The Tacata area is located along the southern deformation front of the western Serranía del Interior in eastern Venezuela, in the footwall of the Pirital-Tala thrust (Figure 1). This structure has been defined by previous authors as a triangle zone involving mostly lower to middle Miocene units in its core (Manceda, 2005). The Pato area is a low deformation zone located in the south part of the study area (Figure 2).
The database used in the work consisted of some 15 wells with sedimentological , biostratigraphic,and well logs that penetrated the lower Miocene succession. In the northern area, many of these wells have a thrust-repeated stratigraphy, and the tectonic reconstruction of the locations of these repeated units allows extra well data points to the north, some 20 more of these. The present well locations plus the restored locations of individual stratigraphic segments are shown in Figure 3.
The tools used to define the depositional model and the stratigraphic framework are described, as follows: 1-The well log patterns allow identification of likely rock types and depositional environments. 2-Bathymetric data provided by the biostratigraphy (nonmarine, transitional, neritic, bathyal categories, and sub-divisions thereof). This provides important guidance on water depth in depositional environments and is especially important to identify where shales are bathyal (>600 ft of water) in character. 3-Core data gives details of the facies and trace fossils and provides direct input to testing and calibration of environmental intepretation. Cores also provide key information on the presence/importance of waves, tides, and currents in depositional systems.
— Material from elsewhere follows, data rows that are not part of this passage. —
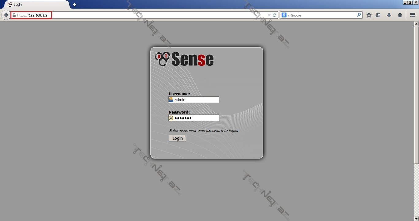 Ötən məqaləmizdə “PfSense” qurarkən “LAN” interfeys üzərində daxil etdiyimiz IP vasitəsilə web interfeysə qoşulaq: 192.168.1.2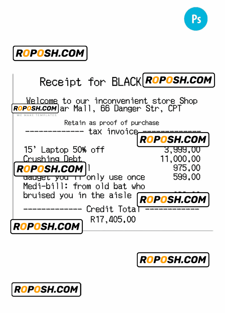 Features Editable RECEIPT FOR BLACK FRIDAY Receipt PSD Template :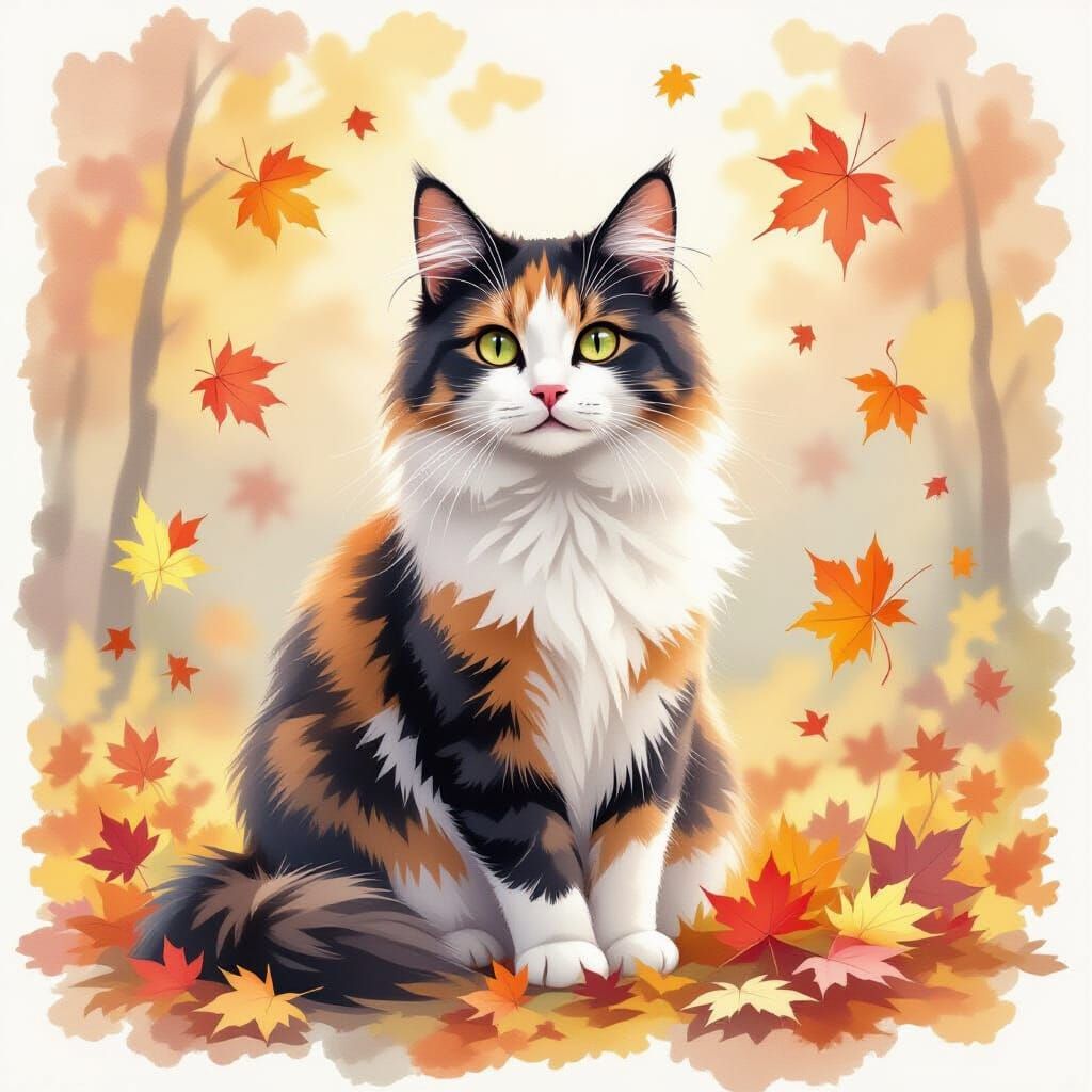 A serene calico cat rests among falling autumn leaves, depicted in a soft watercolor style with gentle brushstrokes and warm pastel hues. The art evokes a calm, dreamlike atmosphere.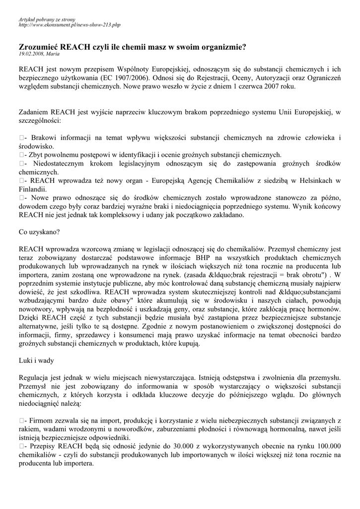 Artykuł pobrany ze strony http://www.ekonsument.pl/news-show-213.php Zrozumieć REACH czyli ile chemii masz w swoim organizmie? 19.02.2008, Maria REACH jest nowym przepisem Wspólnoty Europejskiej, odnoszącym się do substancji chemicznych i ich bezpiecznego użytkowania (EC 1907/2006). Odnosi się do Rejestracji, Oceny, Autoryzacji oraz Ograniczeń względem substancji chemicznych. Nowe prawo weszło w życie z dniem 1 czerwca 2007 roku. Zadaniem REACH jest wyjście naprzeciw kluczowym brakom poprzedniego systemu Unii Europejskiej, w szczególności: - Brakowi informacji na temat wpływu większości substancji chemicznych na zdrowie człowieka i środowisko. - Zbyt powolnemu postępowi w identyfikacji i ocenie groźnych substancji chemicznych. - Niedostatecznym krokom legislacyjnym odnoszącym się do zastępowania groźnych środków chemicznych. - REACH wprowadza też nowy organ - Europejską Agencję Chemikaliów z siedzibą w Helsinkach w Finlandii. - Nowe prawo odnoszące się do środków chemicznych zostało wprowadzone stanowczo za późno, dowodem czego były coraz bardziej wyraźne braki i niedociągnięcia poprzedniego systemu. Wynik końcowy REACH nie jest jednak tak kompleksowy i udany jak początkowo zakładano. Co uzyskano? REACH wprowadza wzorcową zmianę w legislacji odnoszącej się do chemikaliów. Przemysł chemiczny jest teraz zobowiązany dostarczać podstawowe informacje BHP na wszystkich produktach chemicznych produkowanych lub wprowadzanych na rynek w ilościach większych niż tona rocznie na producenta lub importera, zanim zostaną one wprowadzone na rynek. (zasada “brak rejestracji = brak obrotu") . W poprzednim systemie instytucje publiczne, aby móc kontrolować daną substancję chemiczną musiały najpierw dowieść, że jest szkodliwa. REACH wprowadza system skuteczniejszej kontroli nad “substancjami wzbudzającymi bardzo duże obawy" które akumulują się w środowisku i naszych ciałach, powodują nowotwory, wpływają na bezpłodność i uszkadzają geny, oraz substancje, które zakłócają pracę hormonów. Dzięki REACH część z tych substancji będzie musiała być zastąpiona przez bezpieczniejsze substancje alternatywne, jeśli tylko te są dostępne. Zgodnie z nowym postanowieniem o zwiększonej dostępności do informacji, firmy, sprzedawcy i konsumenci mają prawo uzyskać informacje na temat obecności bardzo groźnych substancji chemicznych w produktach, które kupują. Luki i wady Regulacja jest jednak w wielu miejscach niewystarczająca. Istnieją odstępstwa i zwolnienia dla przemysłu. Przemysł nie jest zobowiązany do informowania w sposób wystarczający o większości substancji chemicznych, z których korzysta i odkłada kluczowe decyzje do późniejszego wglądu. Do głównych niedociągnięć należą: - Firmom zezwala się na import, produkcję i korzystanie z wielu niebezpiecznych substancji związanych z rakiem, wadami wrodzonymi u noworodków, zaburzeniami płodności i równowagą hormonalną, nawet jeśli istnieją bezpieczniejsze odpowiedniki. - Przepisy REACH będą się odnosić jedynie do 30.000 z wykorzystywanych obecnie na rynku 100.000 chemikaliów - czyli do substancji produkowanych lub importowanych w ilości większej niż tona rocznie na producenta lub importera. - W dodatku z powodu braków w systemie, podstawowe informacje będą wymagane jedynie względem 60% ze wspomnianych 30.000 substancji, mimo że odpowiednie organy mogłyby zarządać więcej. Informacje na tych substancjach będą najprawdopodobniej zbyt szczątkowe, żeby określić czy dana substancja jest w istocie niebezpieczna. - Decyzja o stałym wymogu względem przemysłu nakazującym zastępowanie substancji chemicznych, które mogą naśladować hormony (tzw. dysruptery endokrynne EDs) bezpieczniejszymi odpowiednikami, jeśli takie istnieją, została odłożona na przyszłość. Substancje w produktach Celem regulowania substancji w towarach REACH rozróżnia ich dwa typy: - produkty zawierające substancje przeznaczone do uwolnienia - produkty zawierające substancje wzbudzające bardzo duże obawy. REACH zobowiązuje do rejestracji substancji znajdujących się w produktach przeznaczonych do uwolnienia podczas użytkowania w zwykłych lub przewidywalnych warunkach (np. świece zapachowe). Wspomniane substancje muszą być rejestrowane, jeśli w okresie roku zawierają się w produktach w ilości większej niż tona na producenta lub importera (Artykuł 7.1). Jeśli substancje wzbudzające bardzo duże obawy obecne są w produktach w ilościach przekraczających określoną normę koncentracji, według przepisów REACH substancje takie powinny być zgłoszone to Agencji (Artykuł 7.2), z wyłączeniem przypadków gdy narażenie na kontakt z ludźmi lub środowiskiem może zostać wykluczony podczas użytkowania zgodnego z przeznaczeniem, z włączeniem utylizacji (Artykuł 7.3). W takich przypadkach zasady bezpieczeństwa powinny zostać zapewnione, a informacje powinny być dostępne na żądanie klienta. Do przykładów substancji w produktach, o których należy informować, można zaliczyć lakier bezbarwny na drewnianym stole. Komisja, państwa członkowskie, przemysł i organizacje pozarządowe wciąż prowadzą dyskusje odnośnie wprowadzenia 0,1% progu na artykuły wyprodukowane z różnych jednolitych części. Na przykład w przypadku obuwia do biegania, gdzie pokrycie buta może być odróżnione od reszty, fakt czy koncentracja barwników w pokryciu jest obliczana w odniesieniu do samego pokrycia, czy do całego buta może sprawić dużą różnicę. Problem ten jest zawarty w niewiążącym dokumencie - przewodniku, który jest obecnie na ukończeniu. Swoistym zabezpieczeniem, jest możliwość rejestracji przez Agencję każdej substancji znajdującej się w produkcie, w przypadku gdy uzna ona, że jej uwolnienie mogłoby stanowić niebezpieczeństwo dla zdrowia ludzi lub stanu środowiska, pod warunkiem, że substan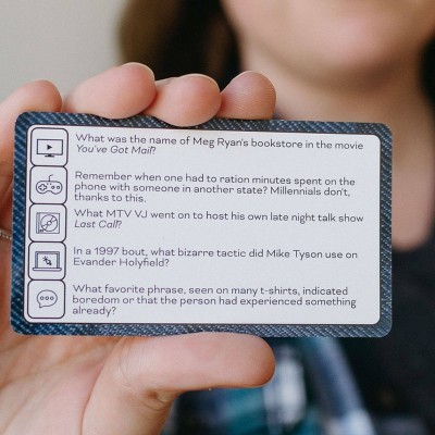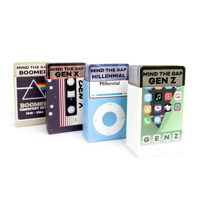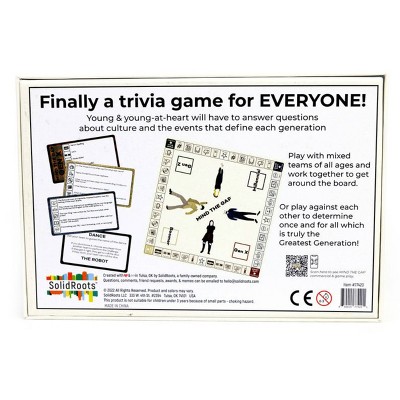 Mind the Gap from SolidRoots is a trivia game for the generations! Players divide up into equal teams. The idea is that the generations work together to make it around the board as quickly as possible. Put at least 1 person from each generation on each team. Or you can break the teams up by generation, pitting the generations against each other. The 5 trivia categories include TV/Film, Pop Culture, Music, Headlines, and Slang/Slogans. The more questions you answer right, the further you get to move along the board. If you land on a space with a star, the team must choose 1 member to draw a challenge card. The first team or player to make it all the way around the board- through each generation- and back to their colored space is the winner! Whether you are searching for fun new board games or family games for your next party- this is the trivia game for you. All you need is 2 players and an hour or less to play. Includes Gameboard, Boomer Cards, Gen X Cards, Millennial Cards, Gen Z Cards, Challenge Cards, 4 Movers, 1 Die, Instructions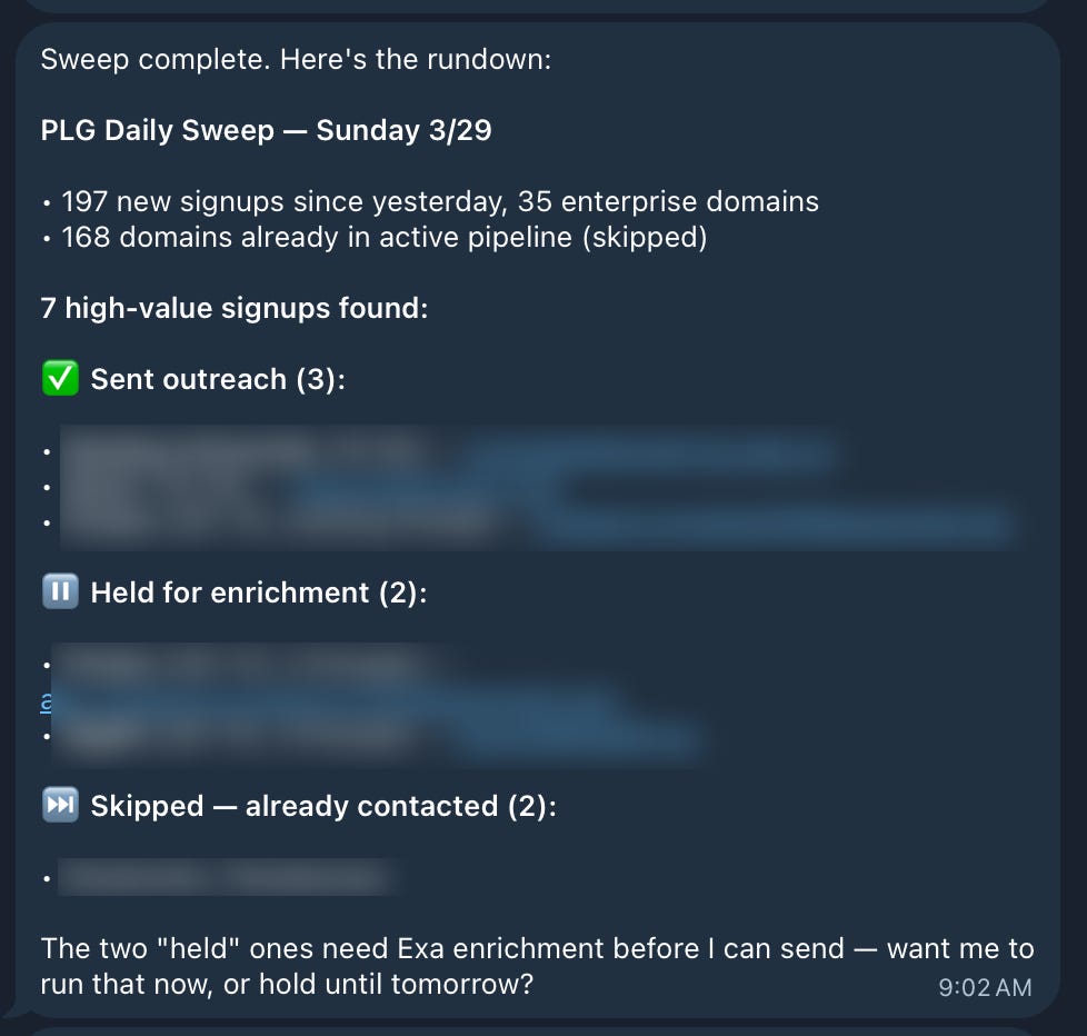 Helpful crons: morning PLG sweep for high-value signups, end-of-week late-stage pipeline review

Sequence Stratigraphic Framework Three second-order depositional sequences are previously known from the lower Miocene to Plio-Pleistocene interval of the Eastern Venezuela Basin. These sequences have now been correlated throughout the Tácata area defining a series of sixteen third-order sequences (Santiago et al., 2006). The depositional sequences of Neogene age have been drilled by wells in the Tácata structure, while depositional sequences of Cretaceous-Paleogene age are found in the autochthonous footwall, in the trailing edge of the Tácata thrusts, and in the overlying Tala and Pirital thrust sheets. Two significant features are the absence of Upper Miocene throughout the study area, and the lack of the lowermost Plio-Pleistocene sequences in the Tacata area.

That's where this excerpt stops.